How It All Started For Piaget

Piaget began his scientific career before he even made it to high school.

“At age 11, while he was a pupil at Neuchâtel Latin high school, he wrote a short notice on an albino sparrow. This short paper is generally considered as the start of a brilliant scientific career made of over sixty books and several hundred articles,” the biography from the Jean Piaget Society reads.

He Studied His Own Children

Piaget was married in 1923 to Valentine Châtenay. The marriage and the children that followed allowed to him to use his own family for observational purposes.

“The couple had three children, Jacqueline, Lucienne and Laurent whose intellectual development from infancy to language was studied by Piaget,” according to the Jean Piaget Society.

But because he studied his own children, he may not have been able to report accurate findings in some of his work.

“The biggest complaint about Piaget’s methods is that he studied his three children (hardly a representative sample). In “Origins of Intelligence” every observation he reported to build his sub-stages of infancy was with his children. Our methodology standards (e.g., selecting samples) keep getting more rigorous; look at most classic studies and I believe you will find similar ‘flaws’ (e.g., early memory studies run on one-self),” devpsy.org, a developmental psychology Web site said.
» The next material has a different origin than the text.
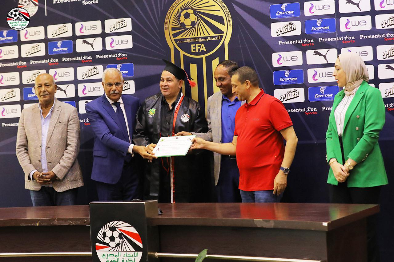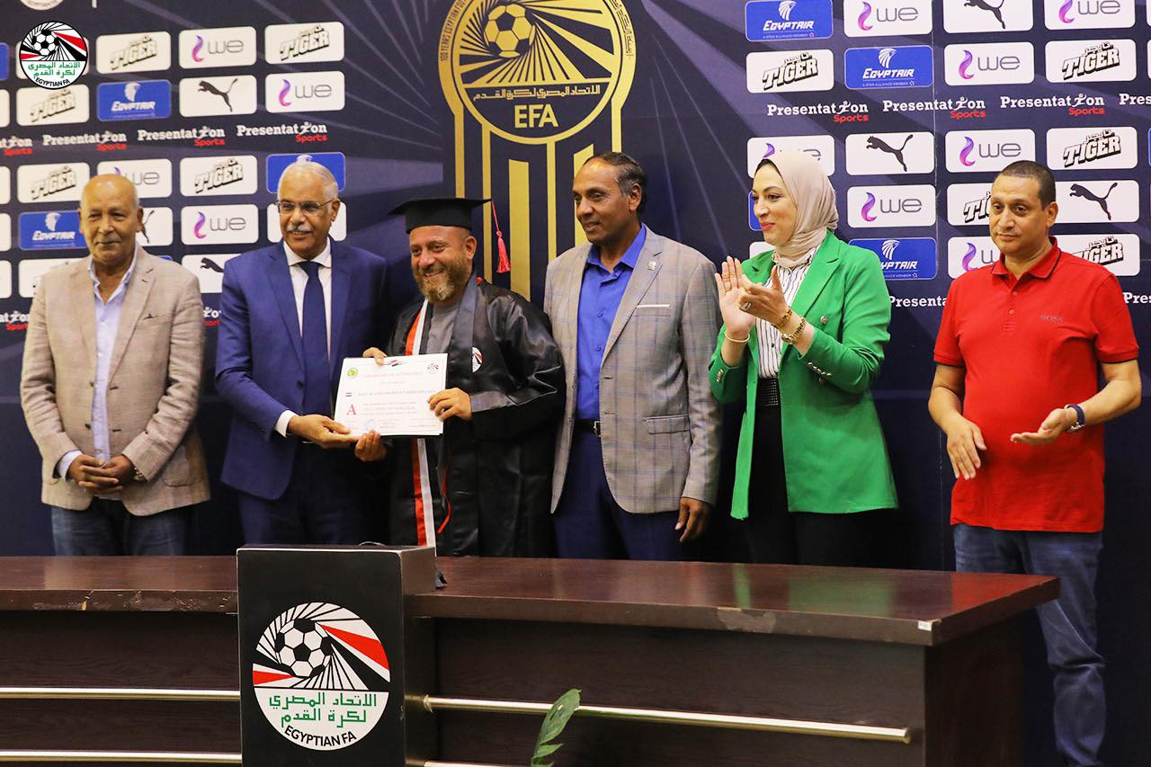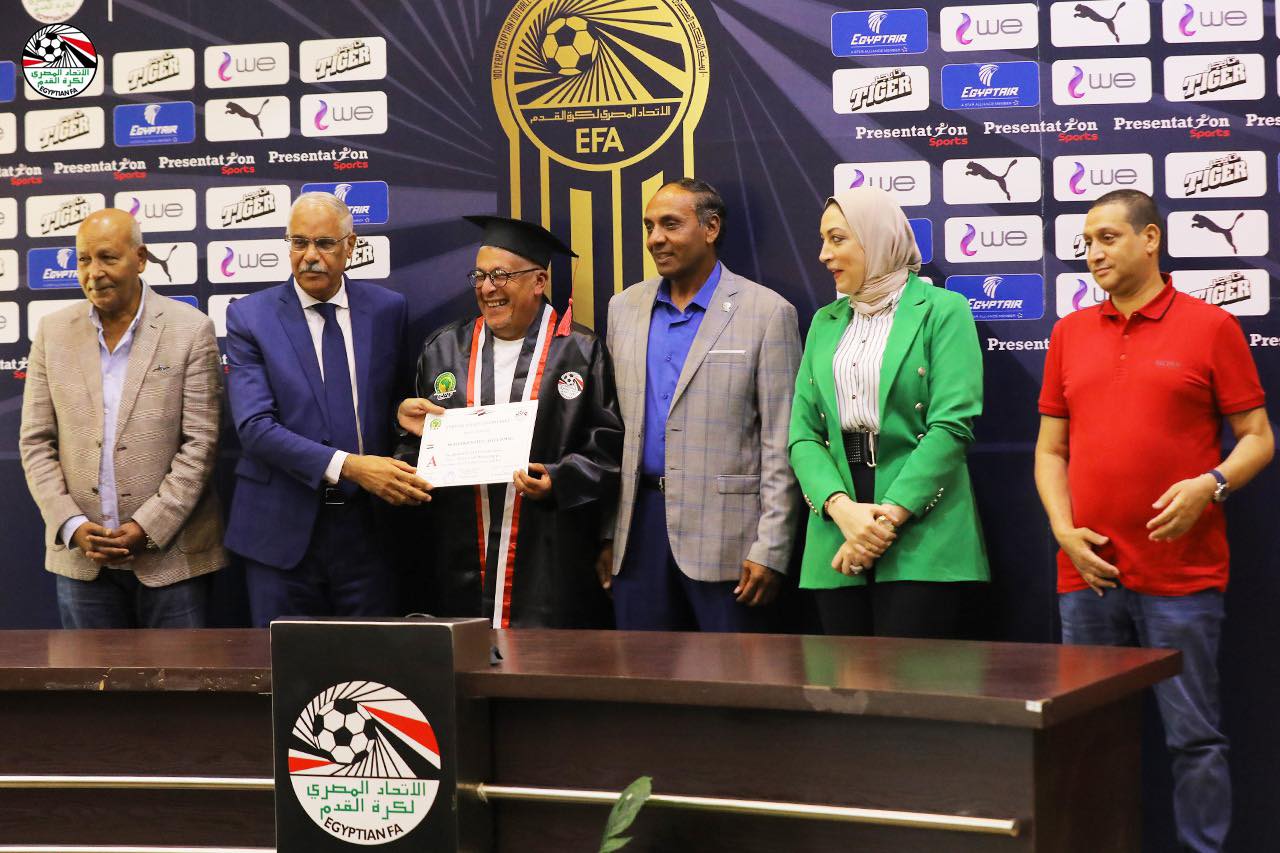 شهد الاتحاد المصرى لكرة القدم، اليوم الثلاثاء، مراسم تخرج مدربي الدبلومة الأفريقية (A)، بحضور جمال علام رئيس الاتحاد واللواء محمد حلمى مشهور محمد أبو الوفا والدكتورة دينا الرفاعى أعضاء المجلس، والدكتور جمال محمد على مدير إدارة المدربين بالاتحاد، فتحى نصير مدير إدارة القطاعات عبد المنعم شطة المحاضر الدولي والمدير الفني السابق للكاف.

For the stages of child development and the primary influential factors, visit this Funderstanding article.

When Cognitive Processes are Divided

“Swiss psychologist Jean Piaget was the first to realize that the cognitive processes of children differ from those of adults,” Web site findingDulcinea said. “Piaget conducted most of his research in question-and-answer conversations. This allowed him to observe how his subjects’ thinking changed over time.” To see how Piaget’s theories impact learning for children, see this other Funderstanding article.

Shunning IQ Testing

Piaget worked with the authors of the Binet-Simon IQ test at the beginning of his research career. In terms of the intelligence tests, instead of focusing on the wrong answers students were getting, Piaget found it more important to look at the answers in general.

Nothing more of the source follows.